Келагастова усадьба была погостом – местом, куда свозилась дань с ближайших хуторов, к моменту появления Хельги с дружиной все было уже приготовлено, ждало в амбарах, только вот ярл решил тогда все на обратном пути забрать, чтоб не тащить лишний груз в пашозерскую сторону, теперь вот – забирал. Усадьба Келагаста – просторная, в полдесятка изб и амбаров – располагалась на пологом холме средь высоких, рвущихся к небу сосен.
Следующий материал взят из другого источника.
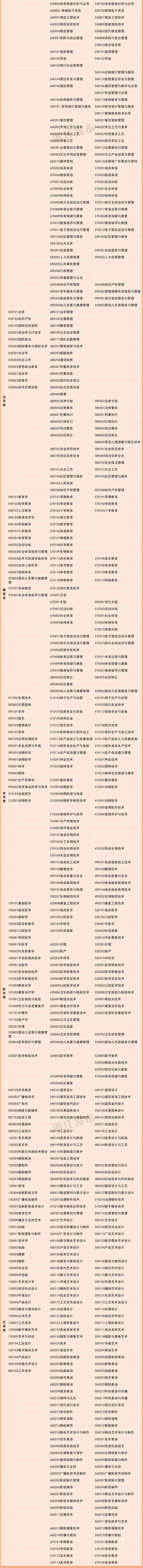免试专升本分文史、理工、经管、法学、教育、农学、医学、艺术8个类别,按专业对口原则实施招生。

За частоколом – частью старым, а частью уже и новым, из смолистых бревен – побрехивали собаки, в распахнутые ворота, навстречу показавшемуся из-за ольховых зарослей обозу, с радостным гомоном бежали дети, смешно переваливаясь в сугробах. Еще бы им не радоваться! Люди, кони, оружие – этакое-то развлечение! Взрослые стояли молча, сурово. Смотрели выжидательно, теребя в руках снятые шапки, – княжий наместник за данью впервые – как-то все будет?
Въехав за частокол, дружина спешилась. Серебром блеснули на солнце кольчуги, загорелись щиты – алым и густо-синим, заиграли золотым шитьем плащи. Кони – ах, какие кони, какие красавцы, вороные, каурые, белые, словно первый выпавший снег, – нетерпеливо перебирали ногами.